Course URL:  http://theory.stanford.edu/~rajeev/cs361.html

 

Class Sign-up To sign up for this course, please send email to Dilys Thomas with the following information: name, department, status (Phd/MS/UG, year), area (Databases, Systems, Theory, etc), and email address.  Please also include registration status (credit, pass/fail/audit).

Mailing Lists and Newsgroup We have set up a class mailing list to help you get the latest information regarding the class. The email lists are auto-populated using current course enrolment information. The main list will be cs361a-aut0506-all@lists.stanford.edu. Those who audit the course can subscribe by sending an email to majordomo@lists.stanford.edu with the following text in the body of the mail: subscribe cs361a-aut0506-guests. Those who are auditing the course and have filled the signup sheet in class on September 28 have already been added onto the guest list. We also have a newsgroup su.class.cs361a for the class.
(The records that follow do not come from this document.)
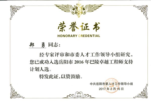 我公司首席工程师郑勇先生获评岳阳市“巴陵卓越工程师”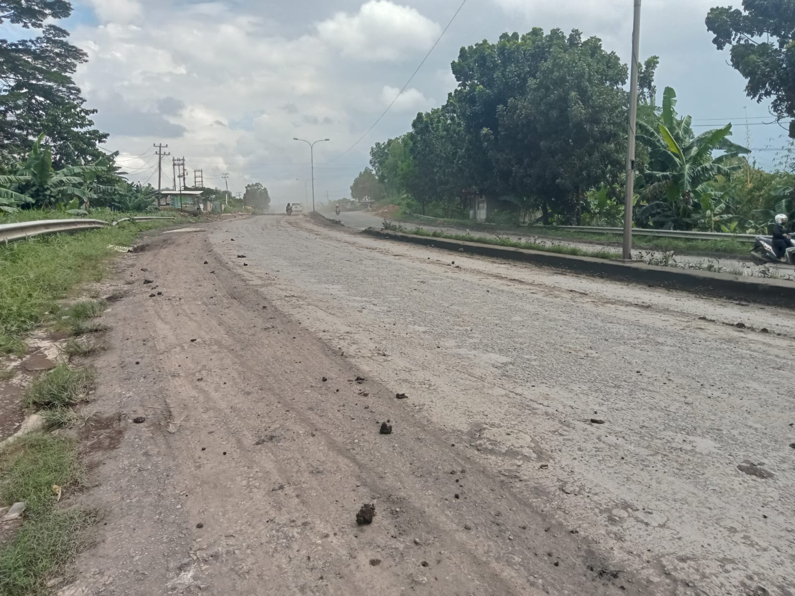 Saat hujan jalan menjadi licin dan berdebu disaat terik. Kondisi jalan sering dikeluhkan pengguna jalan yang melintas.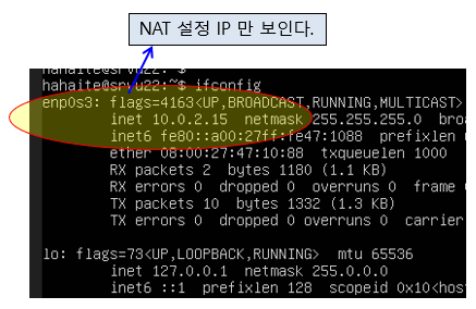 여기까지 하고 ifconfig 해보면 NAT 설정 IP (10.0.2.15) 만 나타나고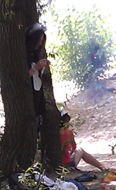 Вчера на пляже увидел человечка между деревьев с телефоном и чем-то белым типа заячьих ушек или фаты, это парень или девушка?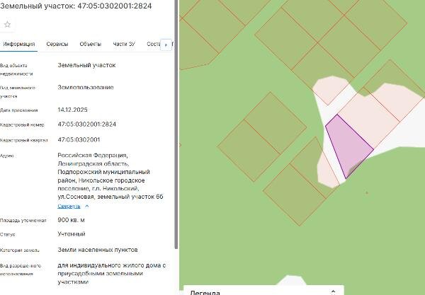 Название: Земельный участок с кадастровым номером 47:05:0302001:2824, площадью 1 200 кв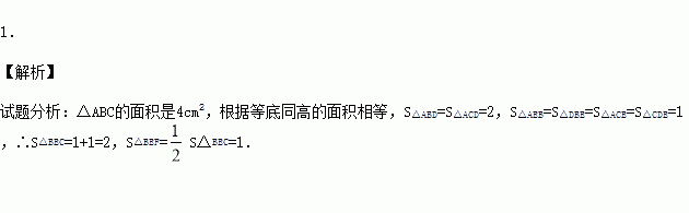 如图所示,在△ABC中,已知点D、E、F分别为边BC、AD、CE的中点,且△ABC的面积是4cm2,则阴影部分的面积等于 cm2.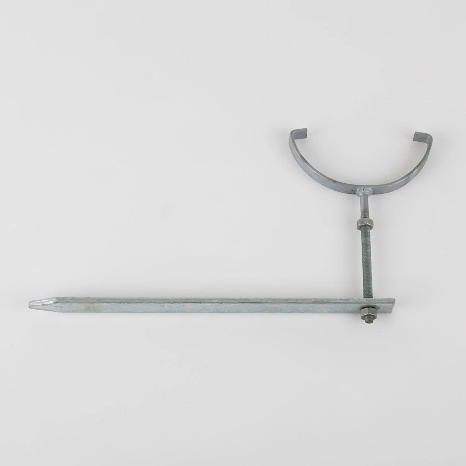 Gutter Rise and fall bracket galv with drive in spike. Allows adjustment of nuts to regulate final height of gutter to create desired fall. Galv Finish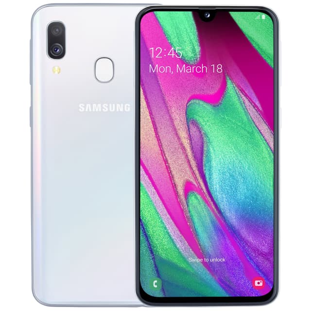 Samsung Galaxy A40 drar till sig blickar med sin charmiga 3D Glasstic-baksida och en minimalistisk Infinity-U-design på framsidan.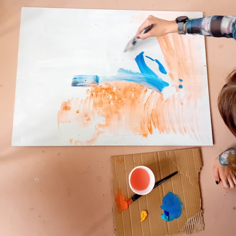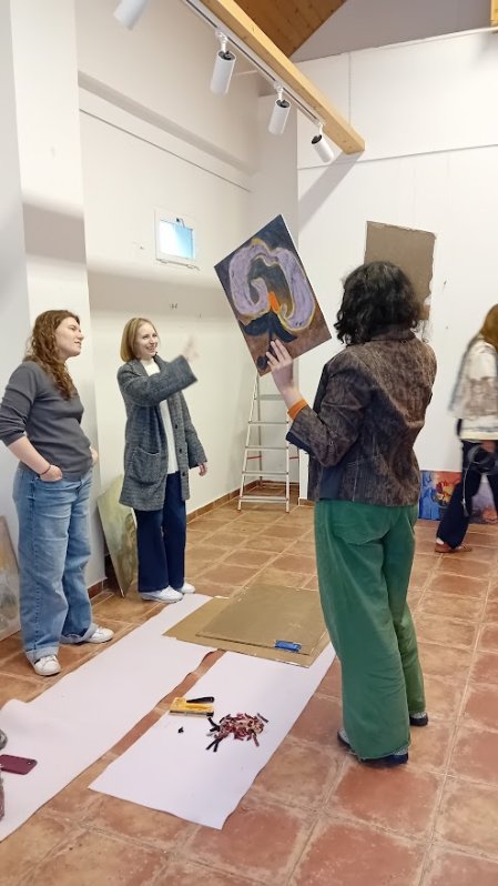 “Během workshopu jsme vytvářeli mnohovrstevnaté obrazy převážně akrylovými barvami na našepsovaných deskách. Začali jsme s tenčími, zářivě barevnými vrstvami, které jsme sušili fénem, abychom mohli ihned nanést více barvy. Tímto způsobem se dialog mezi předchozími a novějšími vrstvami rozvíjel prostřednictvím juxtapozice, čímž vznikaly nové skvrny a barevná pole. Dalším krokem bylo obkreslení nově vzniklých tvarů uhlem. Poté jsme v rámci cvičení kombinujícího pozorování a následování představivosti zkoumali, jaké obrazy se z obkreslených siluet vynořují, a malovali jsme je, tentokrát nanášejíc silnější vrstvu barvy, přičemž části předchozích vrstev jsme ponechali viditelné. Ve všech fázích, včetně té poslední, nás Štěpán vedl k přidávání a ubírání barvy, experimentování s materiály, jako jsou například plastové tašky, abychom vytvořili texturu, což je prvek, který se v umělcově tvorbě často vyskytuje.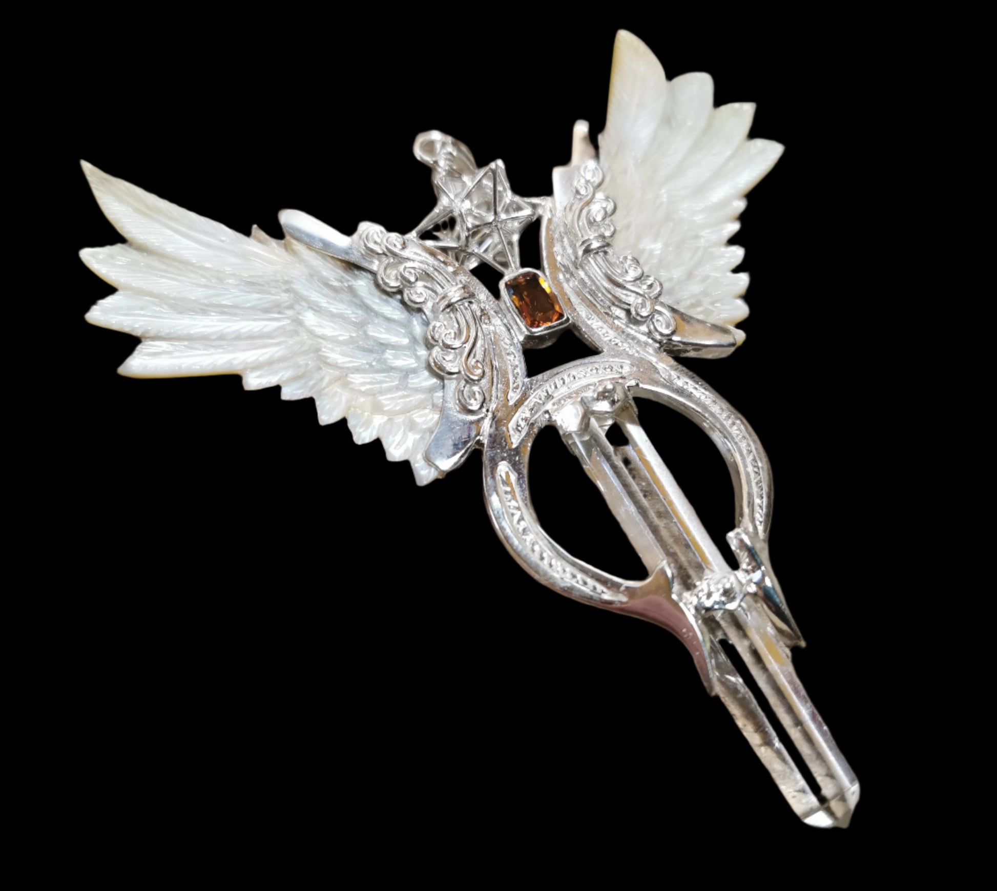 Ref.PD1019 - Silver pendant with Heart Star geometry, mother of pearl carved wings, clear quartz crystal, and citrine gemstone.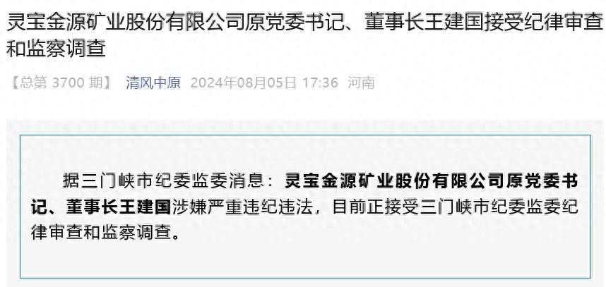 8月5日,“清风中原”发文,据三门峡市纪委监委消息:灵宝金源矿业股份有限公司原党委书记、董事长王建国涉嫌严重违纪违法,目前正接受三门峡市纪委监委纪律审查和监察调查。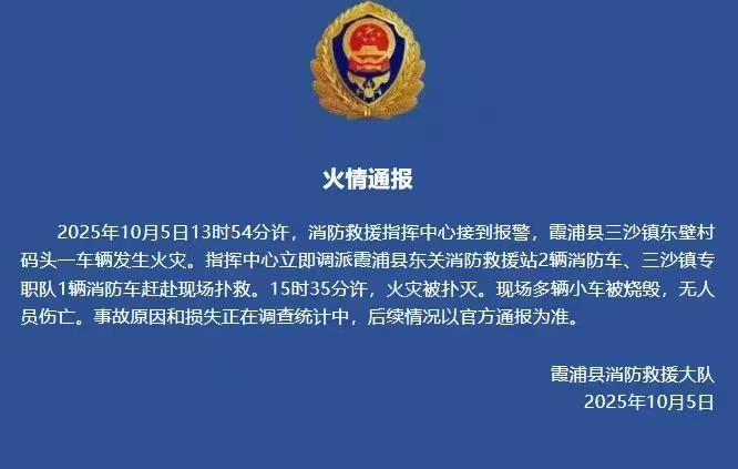 霞浦县消防救援大队发布火警通报称,2025年10月5日13时54分许,消防救援指挥中心接到报警,霞浦县三沙镇东壁村码头一车辆发生火灾。指挥中心立即调派霞浦县东关消防救援站2辆消防车、三沙镇专职队1辆消防车赶赴现场扑救。15时35分许,火灾被扑灭。现场多辆小车被烧毁,无人员伤亡。事故原因和损失正在调查统计中,后续情况以官方通报为准。

Grading Since this course will be treated as a graduate research seminar, we expect that most students will register pass/fail (and not for a letter grade). If you do choose to sign up for a letter grade, be sure to mention this in your sign-up email to the TA. We will give out 3-4 homeworks, one of which will serve as a take-home midterm exam. There will no final exam. The scores on these homeworks as well as class participation will determine your final grade.

 

Course Overview

Efficient strategies for complex data-structuring problems are essential in the design of fast algorithms for a variety of applications, including combinatorial optimization, databases and data mining, information retrieval and web search, and geometric applications. We will give a systematic exposition of the central ideas in the design of such data structures. The second main theme of this course will be the design and analysis of online algorithms and data stream algorithms. The field of competitive analysis of online algorithms got its start in the amortized analysis for data structures and forms a natural extension of some of the ideas we will discuss in the earlier part of the course. We will present some of the main ideas and motivating applications for this class of algorithms. Time permitting, we will also cover some topics in the related area of algorithms and data structures in the stream model of computation. The material to be covered will be drawn from the following list:

Advanced Data Structures:  hash tables (universal hashing, perfect hashing, locality-sensitive hashing, Bloom filters); data structures for combinatorial optimization (union-find, Fibonacci heaps, dynamic trees, dynamic graph structures); self-adjusting data structures (lists, splay trees); search trees (red-black trees, self-adjusting trees,  treaps, skip lists, finger search trees, biased search trees); fault-tolerant and persistent data structures; suffix trees and string searching; databases/data-mining/data-stream  (histograms, indexes, hashing, synopses and sketches, sliding windows); geometric and kinetic data structures.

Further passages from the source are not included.